> Requirement: Produce word for word the lines of the data below running from the one that has "data is available)" to the one that has "黑框素颜神器镜框猫眼方显瘦可配近视早八眼镜女无镜片散光玳瑁", inclusive, and no others.

> Data in this exercise:
Content starts
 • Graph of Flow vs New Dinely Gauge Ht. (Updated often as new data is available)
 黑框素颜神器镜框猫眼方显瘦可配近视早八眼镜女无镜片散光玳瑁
Content ends
Content starts
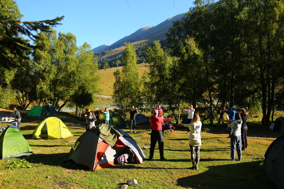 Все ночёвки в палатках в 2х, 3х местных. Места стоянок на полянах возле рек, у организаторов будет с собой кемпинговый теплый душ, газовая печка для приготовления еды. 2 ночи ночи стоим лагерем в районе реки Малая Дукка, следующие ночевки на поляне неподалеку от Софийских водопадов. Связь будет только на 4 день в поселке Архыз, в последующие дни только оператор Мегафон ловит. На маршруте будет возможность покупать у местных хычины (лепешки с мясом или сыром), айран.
Content ends
> Exercise result:
 • Graph of Flow vs New Dinely Gauge Ht. (Updated often as new data is available)
 黑框素颜神器镜框猫眼方显瘦可配近视早八眼镜女无镜片散光玳瑁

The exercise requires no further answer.